I feel that you will be well rewarded and I personally would love to see how you proceed.

Asher

This building is only 2 blocks from my place of work, so it's easy to revisit. I want to visit at different times of day, this one was noon so the light was directly overhead, the wall in shadow. The wall faces North, so I will have to visit daily to see the change of light as the sun moves.

This picture is of the sculpture alone with no building.

5837547-lg.jpg


Here I was just looking at the shape of the metal and the contrast of the shape against the sky.
 

Asher Kelman

OPF Owner/Editor-in-Chief
I figured there was more! Great subject. You have work cut out for you! Enjoy, I am interested to see how this turns out.

Glad you are sharing.

Asher
 
Asher, this might be one of those posts that causes the thread to go in a different direction.

As I returned to this location this evening, I realized that this sculpture is a piece of art, copyrighted by the original artist. And that by taking pictures of it, even in a different context, I making "derivitive works" from that original work of art.

Consider also that to take these pictures, I had to be on private property, and therefore completely in violation of the "right of public photography." I have no legitimate business with the tenants or owners of the property, so I am technically trespassing.

I think that before I take more pictures of this piece, I need to get a property release from the original creator, and permission from the property owner to be on the property doing the shooting.

I know some might think this a bit extreme, but I would not want someone producing some derivation of one of my works while technically trespassing to do it.

I'd like to hear other's opinions on the matter.
 

Asher Kelman

OPF Owner/Editor-in-Chief
I'm not sure if you trespassed. A lawyer would have to wrok that out. Did you climb over a fence. Was there a sign that you should not enter? Was there a sign that you could not take pictures?

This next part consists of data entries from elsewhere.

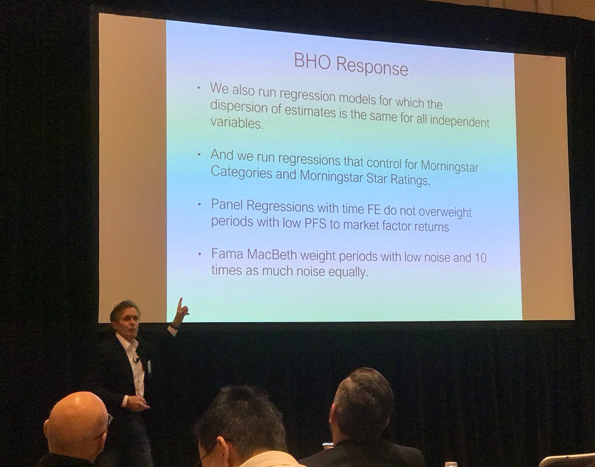 BLRS ask: What informatin do mutual fund investors pay attention to? 1. Morningstar ratings 2. Do not discount market factor returns 3. BHO’s results are driven by methodological error Odean (i.e., the “O” in BHO) doesn’t seem to agree with 2 or 3 #FRA2018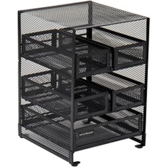Tidy tea and minimize counter clutter in many spaces and rooms beyond the kitchen with this space-saving, Network 5-Compartment Tea Bag Organizer. Expand pantry space in an RV or camper, or use it in a dorm with a small kitchen. It's a welcome addition to your desk, home office setup, breakroom or teachers' lounge since you can store everything you need for a cup of tea in the organizer. Store drink packets, tea/coffee condiments, vitamins, coffee pods and more for convenient access. Organizer sits discreetly on any surface or in a pantry or closet. Each removable drawer holds up to 30 tea bags comfortably. Wide bottom drawer holds sweetener, creamer, honey packets and stirrers. Easy-to-clean drawers only require a damp cloth to stay dust-free and stain-free. Accessible, mesh design provides open access with complete visibility for easy browsing.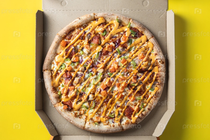 Вид на свежую пиццу в открытой коробке на желтом фоне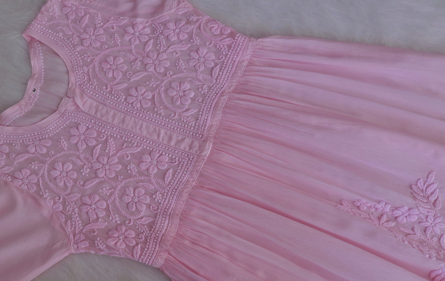 Baby Pink Long pure Muslin Fit and flare dress with Premium placement chikankari in Floral & Paisley to accentuate the look even more.

Such places allow personal pictures generally but exepct a request from a professional photographer seeking to exploit the art.

This work is not being sold or offered as art. You are not making a derivative work, I would argue, we are only discussing a concept of abstraction and the nature of thec architectural art. We are allowed to do this as editorial comment.

Just make it clear that these pictures are not for sale, just for personal use.

You can take this pic ture from a plane, a helicopter or from the street.

Anyone can take a picture, exploiting the image is another thing.

Here we are just discussing artistic choices not running a business.

If you took a picture from the street and there is nothing newsworthy, then the picture might have to get release before you sell the images. If there's a holdup or a road accident and the building is in the background, that's news! The news photojournalist will tell you that news trumps almost anything and just deliver the picture to the news desk and they know how to deal with rights as they do it every day.

You cannot make a profit out of something copyrighted without having permission or having a real newsworthy picture that you can defend.

As far as I can see, you are doing an excellent service advertizing the exceptional architecture and that is IMHO, what architects and owners like. To spend these pages highlighting the eshtetics and abstract nature of the work is not, as far as I can see, anything but reporting and admiration.

Let's see if we get different opinions.